Graphical Representations and Worm Algorithms for the O($N$) Spin Model

Abstract: We present a family of graphical representations for the O($N$) spin model, where $N \ge 1$ represents the spin dimension, and $N=1,2,3$ corresponds to the Ising, XY and Heisenberg models, respectively. With an integer parameter $0 \le \ell \le N/2$, each configuration is the coupling of $\ell$ copies of subgraphs consisting of directed flows and $N -2\ell$ copies of subgraphs constructed by undirected loops, which we call the XY and Ising subgraphs, respectively. On each lattice site, the XY subgraphs satisfy the Kirchhoff flow-conservation law and the Ising subgraphs obey the Eulerian bond condition.

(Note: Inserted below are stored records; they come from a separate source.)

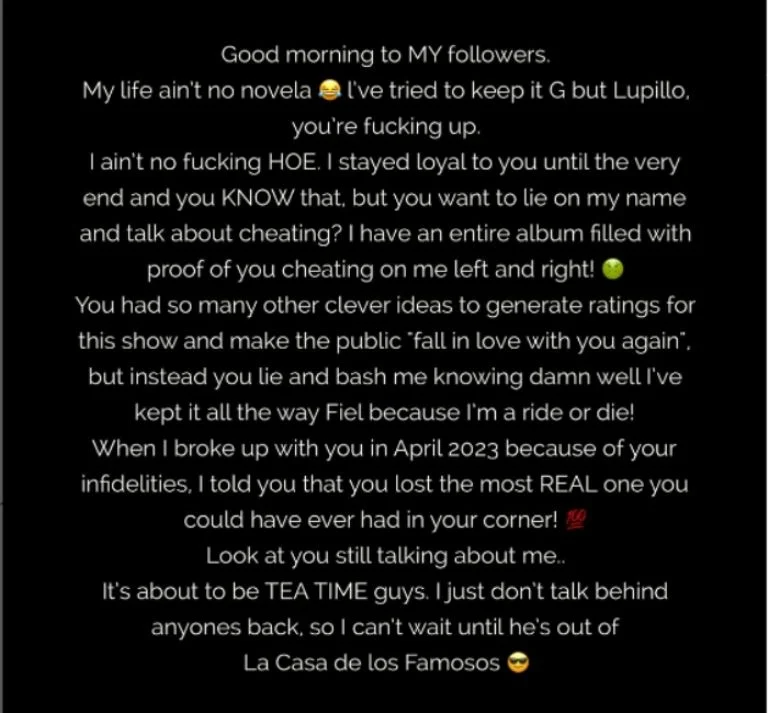 En respuesta, Giselle Soto utilizó su cuenta de Instagram para defender su lealtad y desafiar las acusaciones de Lupillo. Enfáticamente, declaró: “No soy una maldita zo**a. Me mantuve leal a ti hasta el final y lo sabes”.
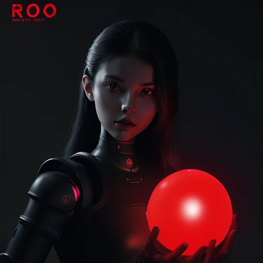 Cover art of Rood Magazine featuring a sphere, a worm, and a glowing red light, styled as conceptual portraiture. The design is made of rubber, showcasing futuristic robots and oversized objects. Inspired by Elina Karimova, it incorporates light black tones and technology-based art elements --ar 4:5 --quality 2 --style raw --stylize 500 --v 6. 1
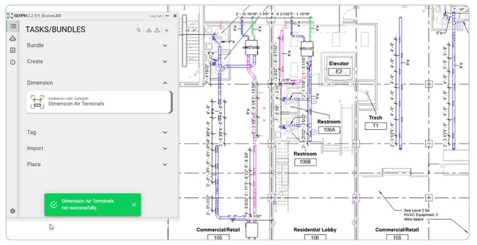 Glyph 是一款面向 Revit 的自动化工具,能够简化文档任务,如通过几次点击创建视图、图纸、标记和尺寸标注。它将重复的 BIM 工作流转变为快速、可复用且一致的过程,帮助团队节省数小时的手动绘图时间。
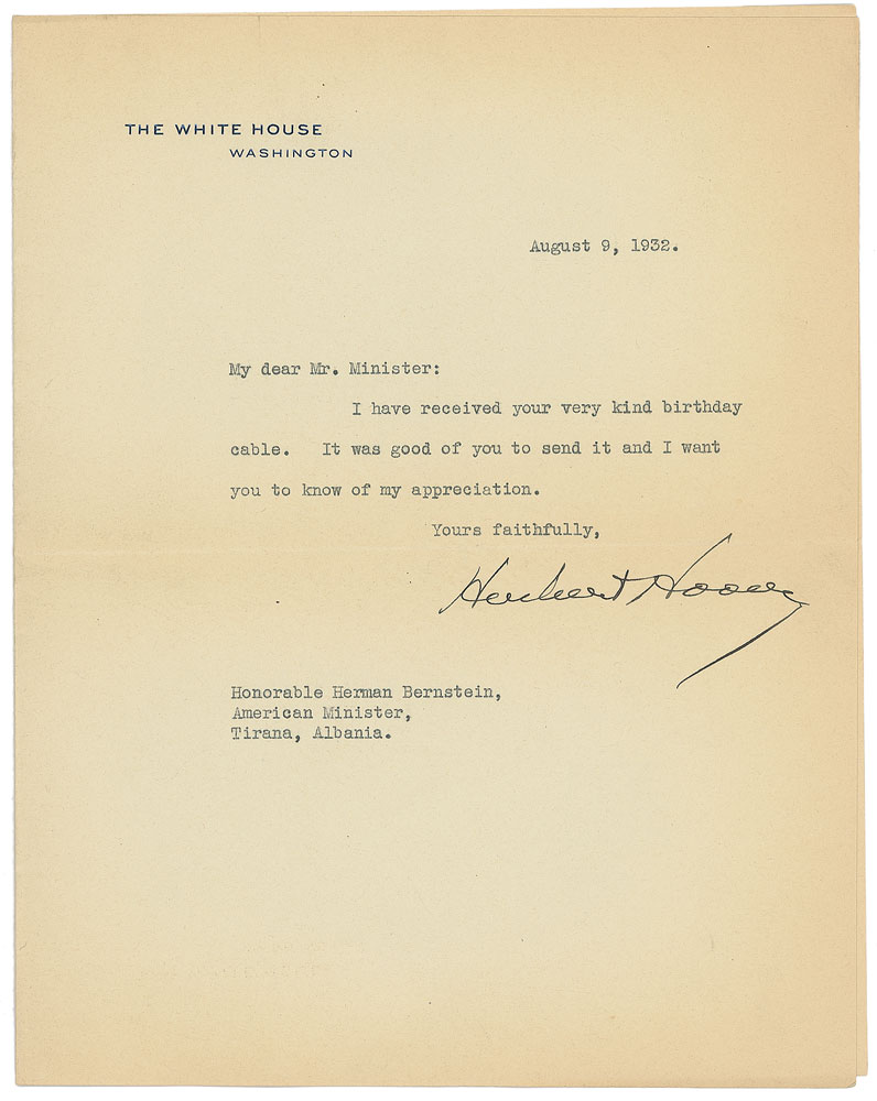 TLS as president, one page, 7 x 9, White House letterhead, August 9, 1932. Letter to Herman Bernstein, in full: “I have received your very kind birthday cable. It was good of you to send it and I want you to know of my appreciation.” Original mailing envelope is affixed to the second integral page. In fine condition. Two years after publishing Herbert Hoover: The Man Who Brought America to the World, Bernstein was appointed as the United States minister to Albania by President Hoover in 1930. Pre-certified PSA/DNA.
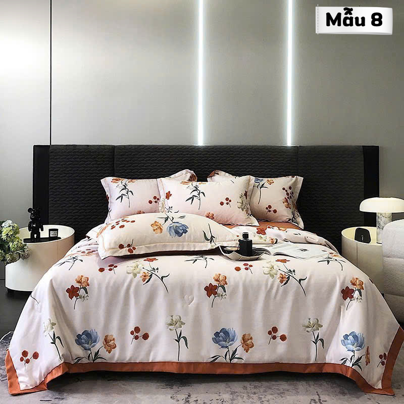 Tên sản phẩm: Set 4 món chăn ga phi lụa Thái họa tiết kèm chăn chần bông cao cấp
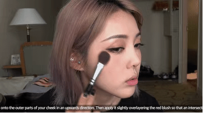 眼尾腮红是扫在眼角,靠近太阳穴的位置晕染开,记得腮红颜色和妆面颜色要一致协调,才不会有突兀感~
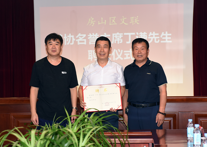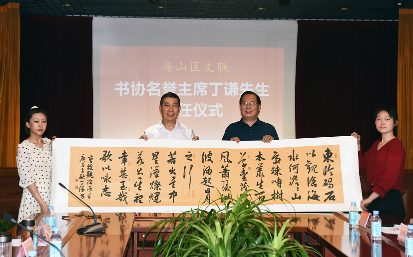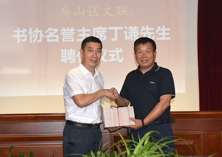 房山区文联名誉主席柳铁良、书协主席侯振海向丁谦先生颁发了书协名誉主席聘书
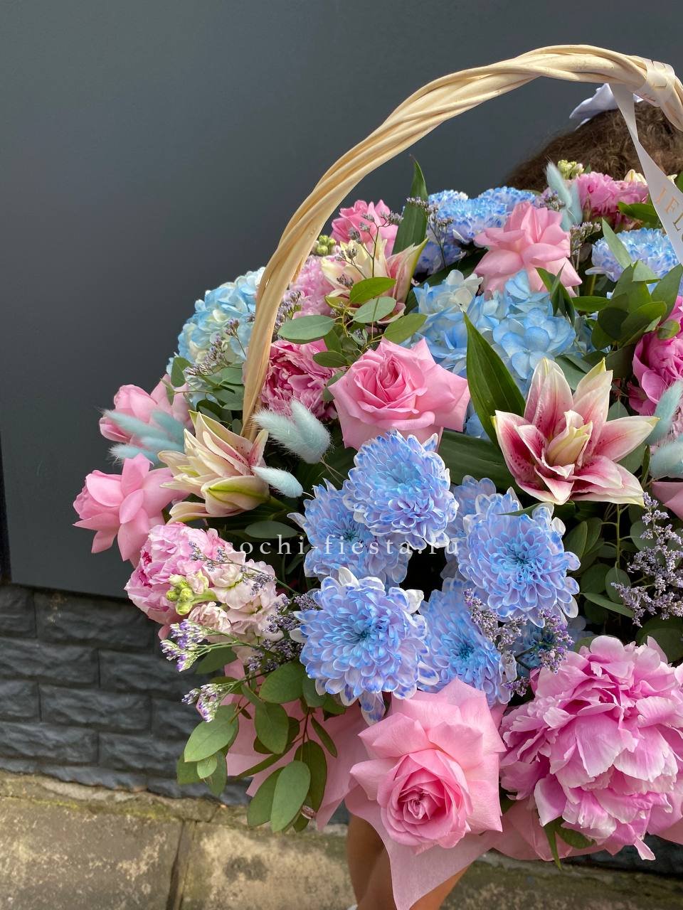 гортензии, лилии, хризантемы, пионы, лимониум, маттиола, корзина.
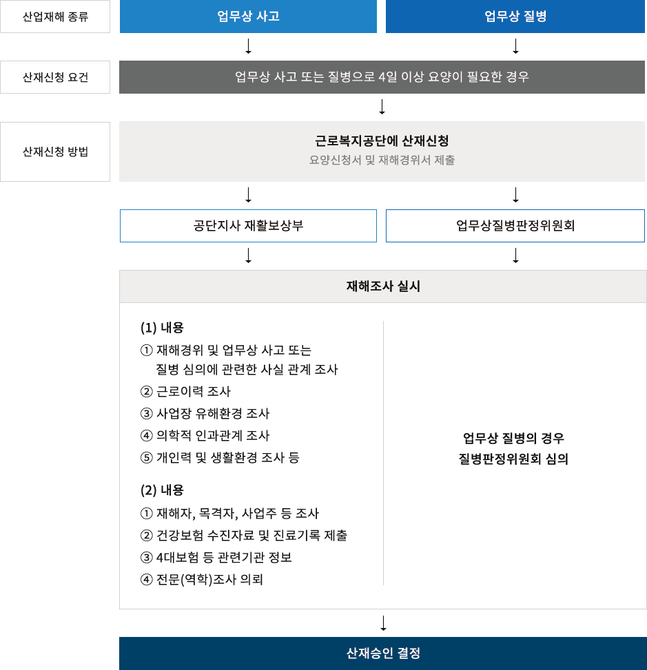 “업무상의 재해”란 업무상의 사유에 따른 근로자의 부상·질병·장해 또는 사망을 의미합니다.(산업재해보상보험법 제5조)구체적으로 사업주의 지배·관리하에서의 업무의 수행 또는 그에 수반되는 통상적인 활동을 하는 과정에서 이러한 업무에 기인하여 발생한 재해를 의미합니다.
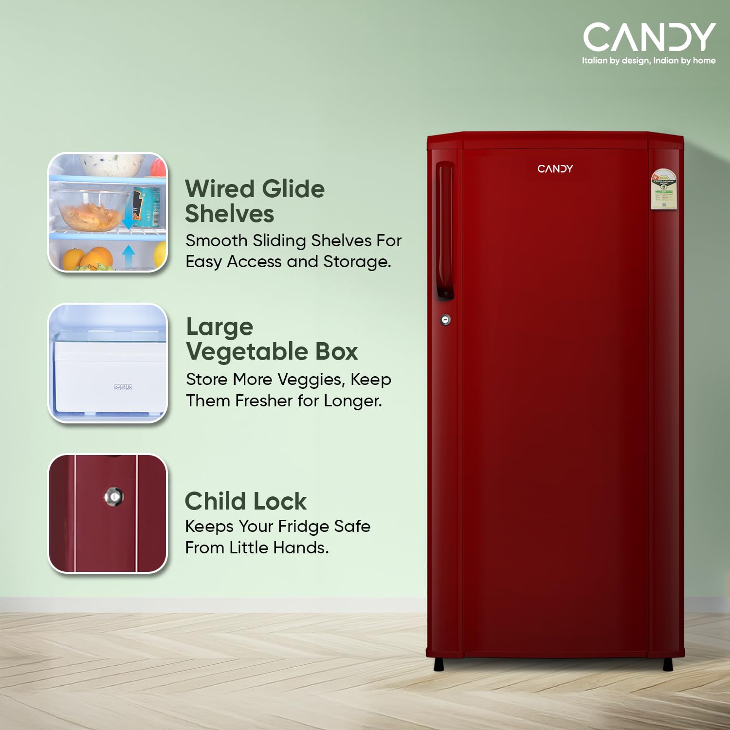 CANDY 165L 1 Star Direct Cool Single Door Refrigerator with Stabilizer free Operation (Red Mono, CSD1761RM)

Then, we formulate worm-type algorithms and simulate the O($N$) model on the simple-cubic lattice for $N$ from 2 to 6 at all possible $\ell$. It is observed that the worm algorithm has much higher efficiency than the Metropolis method, and, for a given $N$, the efficiency is an increasing function of $\ell$. Beside Monte Carlo simulations, we expect that these graphical representations would provide a convenient basis for the study of the O($N$) spin model by other state-of-the-art methods like the tensor network renormalization.